Where sadness of living is more painful than death,
Where the bursting storm determines the direction of wind
Where dark shadows haunt souls of innocence

Self-immolation as a form of protest or suicide that has taken the form of severe political protest in the modern times on behalf of a collective cause. Self-immolation began as a form of protest among Tibetans in China in February 2009, when a young monk set himself on fire in Aba. It reached the 100th mark with Lobsang Namgyal, a serious and exceptional scholar in his late thirties setting himself on fire inside the PRC.

This act of self-immolation has become the signature tactic for the oppressed Tibetans to show their resistance and frustration against the autocratic Chinese rule. While the Tibetans blame massive failure of Chinese policies in Tibet, the world is bound to witness a country driven by economic marginalisation, political oppression, cultural assimilation, social discrimination and environment degradation, making it very clear that China wants Tibet and not the Tibetan people.

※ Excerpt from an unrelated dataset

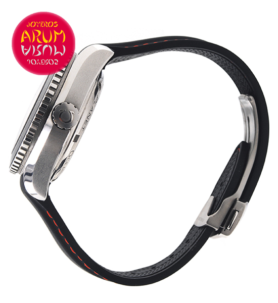 Other specifications :calibre Omega 8605, rotating ceramic bezel in both directions, GMT (second time zone with central handle), date at three, central seconds, screw crowns, auxiliary crown at ten, luminiscence marks, helium valve, transparent caseback, year 2013. Includes second steel strap.

Does this indicate that China does not value human life? The reaction of the Chinese authorities towards the immolations has been predictable. China continues to blame the exiled Tibetan leader Dalai Lama for inciting people and instigating them despite the presence of harsh security measures inside the land-locked country as against the famous fact that the Buddhist monk has long opted for a middle path of dialogues, non-violent measures and even urged the Tibetans not to go for such severe steps. Instant and ruthless arrests and media blackouts are results of resistance to Beijing. The international reaction to the saddening events has been muted due to strict restrictions that have barred the foreign journalists from reporting in the area. The governments of Nepal and India playing awkward hosts to generations of Tibetan exiles and dissidents, routinely crack the whip on these activists, breaking up the protests and monitoring exile activity. Geopolitical conflagrations elsewhere – from the Senkaku Islands contested by Tokyo and Beijing to the South China Sea to NATO’s imbroglio in Afghanistan – have cornered the international community’s attention. Zeroing down on the main reason of the disturbance, it is the Chinese principle that there can be no two suns in one land- the Chinese communist party and Tibetan Buddhism. The Chinese rulers continue to be intolerant, arrogant and chauvinistic, tagging the Tibetans as “dangerous people”.

Self- immolation has been particularly vulnerable to the law of diminishing returns in terms of effectiveness. For Stalin, a single death is a tragedy; a million deaths is a statistic. Gradually the protest is becoming a futile waste of human lives. It is time the real awakening takes place and brings an end to the oppression of Tibetan people- for the miracle is eagerly awaited.